Pela cultura da paz entre esse povo oprimido

Contando com a participação de poetas de todo o Brasil, o Experimentalismo Brabo apresenta mais folheto de cordel coletivo:

Há cultura da paz? Para os oprimidos do mundo, ao contrário do óbvio, eu diria que sim. Essa afirmação é possível porque acredito firmemente na ficção como terreno para a utopia. Em nossas cucas podemos quase apalpar seus contornos, querida cultura da paz. Especulamos mundos que, de fato, não estão acessíveis, mas sim, os desejamos com água na boca.


O problema não está no desejo, e sim na fé que depositamos na ficção. Pois um mundo novo, sem opressores, ele é urgente. E disso poucos discordam. Não abordarei sobre a cabeça e patas da quimera, que todos estão cansados de saber da sua fuça neoliberal e de seus tentáculos, hoje, novamente, fascistóides. Vou tratar apenas das invenções que apontam algum novo. Volto à ficção. Se essa fé na ficção for naquele tipo de história ligeira, com varinhas de condão e um pluft: e tudo se cambiou; não nos enganemos. Caímos no golpe do vigário.
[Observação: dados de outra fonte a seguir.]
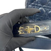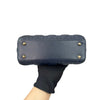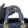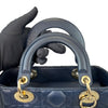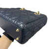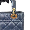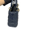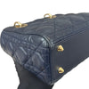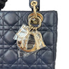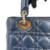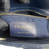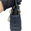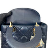 The Lucky Badges My Lady Dior is a feminine, stylish tote crafted of the hallmark cannage quilted lambskin leather in dark blue. The rolled reinforced leather handles provide sturdy carrying, while the embellished strap adds versatility and comfort. The bag features a light gold hardware and a top inner flap that opens to a classy interior in black Dior monogram jacquard fabric with a zip pocket.
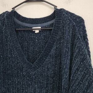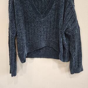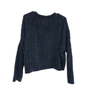Silence + Noise Pullover Chenille Knit Cropped Sweater Dark Green Size Medium

No golpe do burguês publicitário, melhor dizendo.


Já em ocasiões como a dessa publicação, onde os poetas daqui acreditam numa ficção que tenha por método derrubar o edifício atacando suas sapatas, aí falamos de contragolpe, que, no popular, é a “tomada de poder”, é o “é tudo noix”, é o “tudão nosso, cabo o caô”.

Nesse livreto vejo as narrativas que contam com o arrancar de vísceras e o derreter dos totens. Sem flores em seu processo. Vislumbrando – aí sim, lá na frente – a paz, a florida paz, aquela que é cantada em versos por aí enquanto decanta nos textos da Unesco.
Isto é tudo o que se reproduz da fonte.